▶ **Extracted entries**
------------------------------

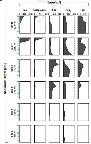 孔隙水化學(xué):分析Mn2?、Fe2?、HPO?2?、NH??、ΣH?S和鉬的垂直分布(圖7、8)。
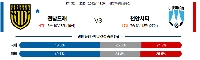 전남 대 천안 K리그2 10월05일 맞대결 생중계, 스포츠중계, 스포츠분석
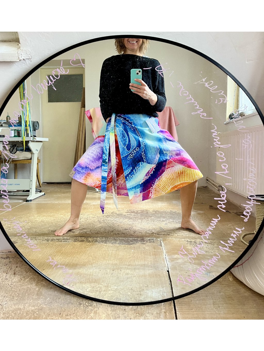 Sukně je vytvořena pro ženu, která miluje barvy, chce být vidět, je praktická, má ráda efektivitu a hebké materiály.
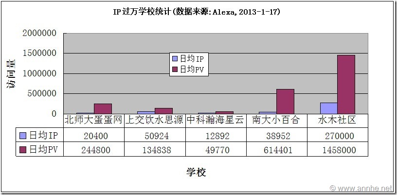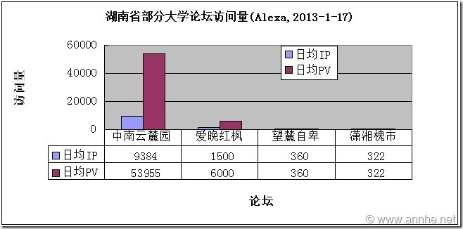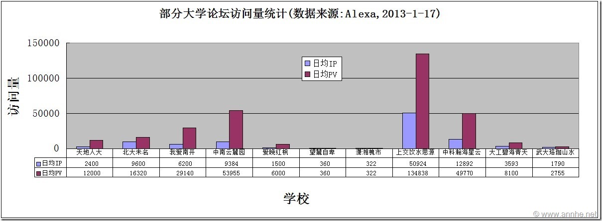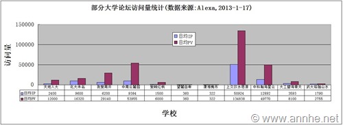首先是部分高校论坛的访问量,数据来源是Alexa,2013年1月17日。
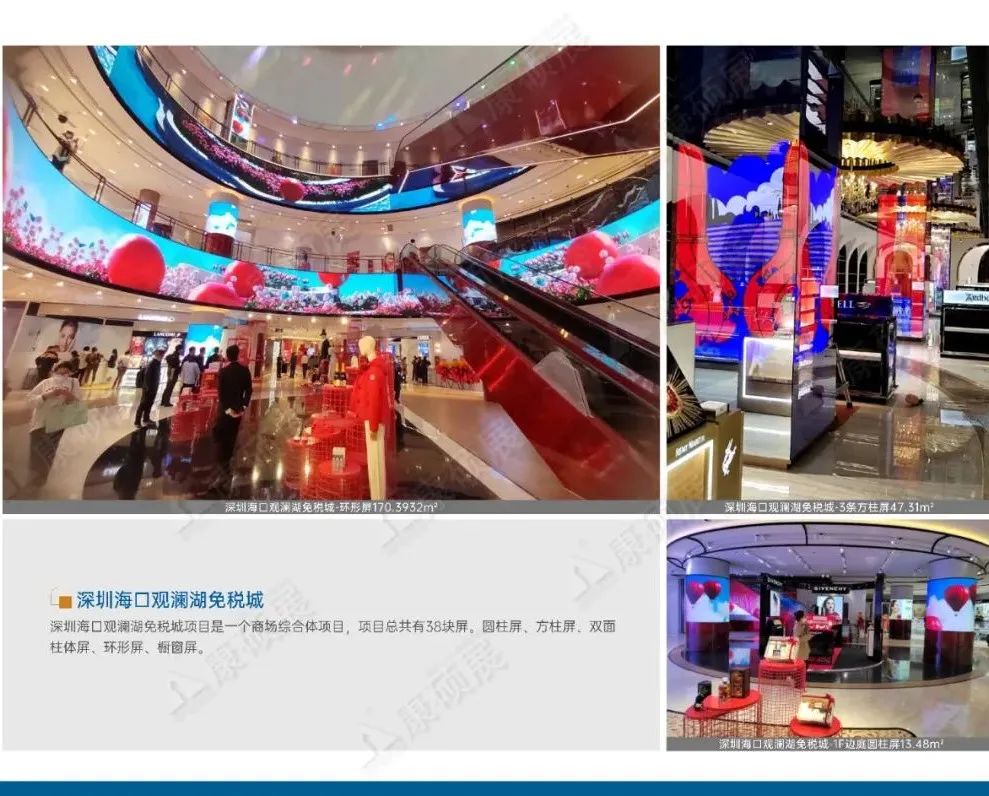 雷曼康碩展共計(jì)為深圳免稅海口觀瀾湖免稅城打造了38塊LED顯示屏,包含圓柱屏、方柱屏、雙面柱體屏、環(huán)形屏、櫥窗屏等異形屏,將免稅城打造成為擁有400+奢華品牌、20000+平方米的生活交際、旅游休閑“品質(zhì)示范”中心,為消費(fèi)者帶來(lái)舒適的購(gòu)物體驗(yàn),引導(dǎo)國(guó)人崇尚品質(zhì)生活的消費(fèi)理念,引領(lǐng)充滿時(shí)代精神的生活方式。
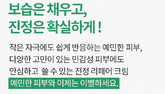 작은 자극에도 쉽게 반응하는 예민한 피부, 다양한 고민이 있는 민감성 피부에도 안심하고 쓸 수 있는 진정 리페어 크림이에요. 보습은 채우면서도 진정은 확실하게 해줘요! 예민한 피부와 이제는 이별해보세요~!
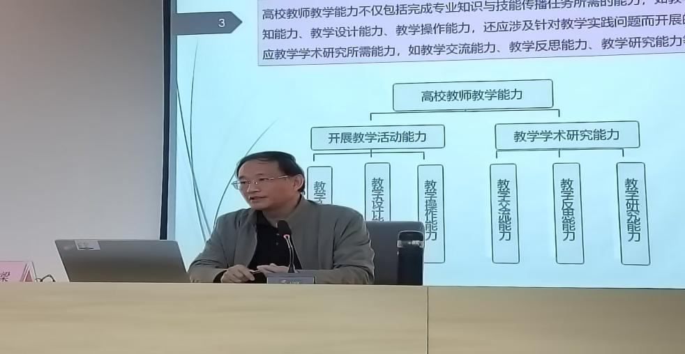 堵国樑以“青年教师实践教学能力提升探究”为题,从教师教学能力的内涵、实践教学能力的重要性、提升实践能力的路径等三个方面详细阐述,围绕教学的认知能力、设计能力、操作能力、交流能力、反思能力、研究能力等六个方面介绍了教师教学能力的内涵,分析了以学生为中心、问题导向、创新性的实践教学核心理念,强调了知识基础、教学设计、沟通能力在实践教学中的重要性。最后,堵国樑联系我校实践工作实际,立德树人的教育根本宗旨、授人以渔的教学核心策略、扎实稳固的教学基本功以及精心构思的教学设计等重要方面探究了青年教师实践教学能力提升路径。
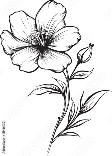 Minimalist wildflower tattoo element vector icon in black lines Beautiful line art wildflower tattoo design with graceful shapes
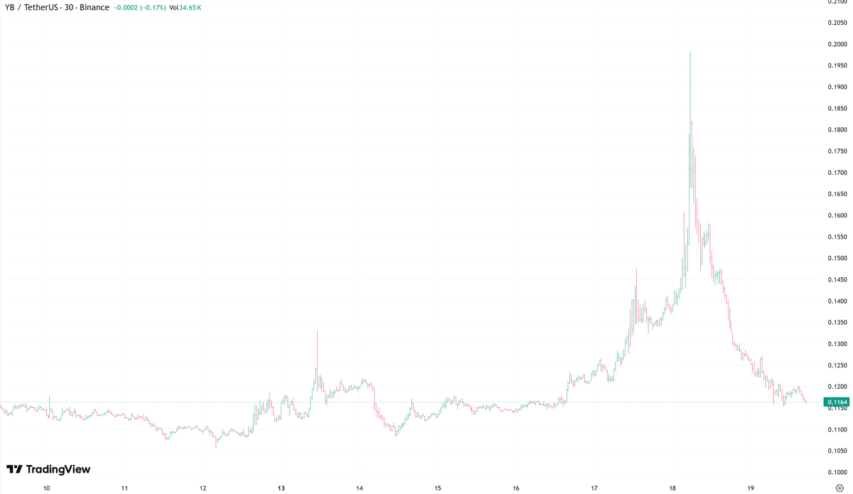 UPDATE #3: Binance did a nice pump-and-dump on $YB over the past two days right as the unlocks start to hit. Spirit of DeFi summer coming back any day now.😋 Btw, it's still not public knowledge what % of YB supply was given to Binance for the $YB listing. https://t.co/aGxsBXEEYE
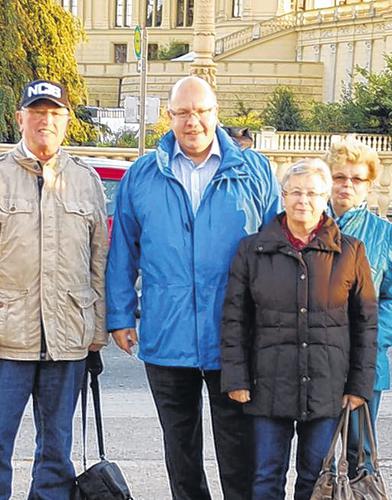 SCHWERIN/BISCHBRUNN (Andreas Köster) Unerwartetes Treffen für Bischbrunns Bürgermeister Richard Krebs (CSU) in Schwerin: Gerade in der Hauptstadt von Mecklenburg-Vorpommern eingetroffen, um die Vorbereitungen für die 21. Bürgerreise im kommenden Jahr zu treffen, traf er vor dem Schloss Bundesumweltminister Peter Altmaier (CDU). Er war nach dem anstrengenden Wahlkampf zu einem freien Tag nach Schwerin gereist und freute sich, dass er „auch ohne Krawatte“ erkannt wurde. Gerne stellte er sich vor dem Schweriner Schloss, in dem auch der Landtag untergebracht ist, mit dem Ehepaar Richard und Anna Krebs sowie der begleitenden Familie Baumgärtner zu einem Erinnerungsfoto. Bundesumweltminister Altmaier erkundigte sich nach unserem heimischen CSU-Abgeordneten und bat Krebs, Wolfgang Zöller seine Grüße zu übermitteln.

------------------------------

▶ **Problem description**
Write out the entries above word for word. Do not include the pictures.

▶ **Exercise solution**
 孔隙水化學(xué):分析Mn2?、Fe2?、HPO?2?、NH??、ΣH?S和鉬的垂直分布(圖7、8)。
 전남 대 천안 K리그2 10월05일 맞대결 생중계, 스포츠중계, 스포츠분석
 Sukně je vytvořena pro ženu, která miluje barvy, chce být vidět, je praktická, má ráda efektivitu a hebké materiály.
首先是部分高校论坛的访问量,数据来源是Alexa,2013年1月17日。
 雷曼康碩展共計(jì)為深圳免稅海口觀瀾湖免稅城打造了38塊LED顯示屏,包含圓柱屏、方柱屏、雙面柱體屏、環(huán)形屏、櫥窗屏等異形屏,將免稅城打造成為擁有400+奢華品牌、20000+平方米的生活交際、旅游休閑“品質(zhì)示范”中心,為消費(fèi)者帶來(lái)舒適的購(gòu)物體驗(yàn),引導(dǎo)國(guó)人崇尚品質(zhì)生活的消費(fèi)理念,引領(lǐng)充滿時(shí)代精神的生活方式。
 작은 자극에도 쉽게 반응하는 예민한 피부, 다양한 고민이 있는 민감성 피부에도 안심하고 쓸 수 있는 진정 리페어 크림이에요. 보습은 채우면서도 진정은 확실하게 해줘요! 예민한 피부와 이제는 이별해보세요~!
 堵国樑以“青年教师实践教学能力提升探究”为题,从教师教学能力的内涵、实践教学能力的重要性、提升实践能力的路径等三个方面详细阐述,围绕教学的认知能力、设计能力、操作能力、交流能力、反思能力、研究能力等六个方面介绍了教师教学能力的内涵,分析了以学生为中心、问题导向、创新性的实践教学核心理念,强调了知识基础、教学设计、沟通能力在实践教学中的重要性。最后,堵国樑联系我校实践工作实际,立德树人的教育根本宗旨、授人以渔的教学核心策略、扎实稳固的教学基本功以及精心构思的教学设计等重要方面探究了青年教师实践教学能力提升路径。
 Minimalist wildflower tattoo element vector icon in black lines Beautiful line art wildflower tattoo design with graceful shapes
 UPDATE #3: Binance did a nice pump-and-dump on $YB over the past two days right as the unlocks start to hit. Spirit of DeFi summer coming back any day now.😋 Btw, it's still not public knowledge what % of YB supply was given to Binance for the $YB listing. https://t.co/aGxsBXEEYE
 SCHWERIN/BISCHBRUNN (Andreas Köster) Unerwartetes Treffen für Bischbrunns Bürgermeister Richard Krebs (CSU) in Schwerin: Gerade in der Hauptstadt von Mecklenburg-Vorpommern eingetroffen, um die Vorbereitungen für die 21. Bürgerreise im kommenden Jahr zu treffen, traf er vor dem Schloss Bundesumweltminister Peter Altmaier (CDU). Er war nach dem anstrengenden Wahlkampf zu einem freien Tag nach Schwerin gereist und freute sich, dass er „auch ohne Krawatte“ erkannt wurde. Gerne stellte er sich vor dem Schweriner Schloss, in dem auch der Landtag untergebracht ist, mit dem Ehepaar Richard und Anna Krebs sowie der begleitenden Familie Baumgärtner zu einem Erinnerungsfoto. Bundesumweltminister Altmaier erkundigte sich nach unserem heimischen CSU-Abgeordneten und bat Krebs, Wolfgang Zöller seine Grüße zu übermitteln.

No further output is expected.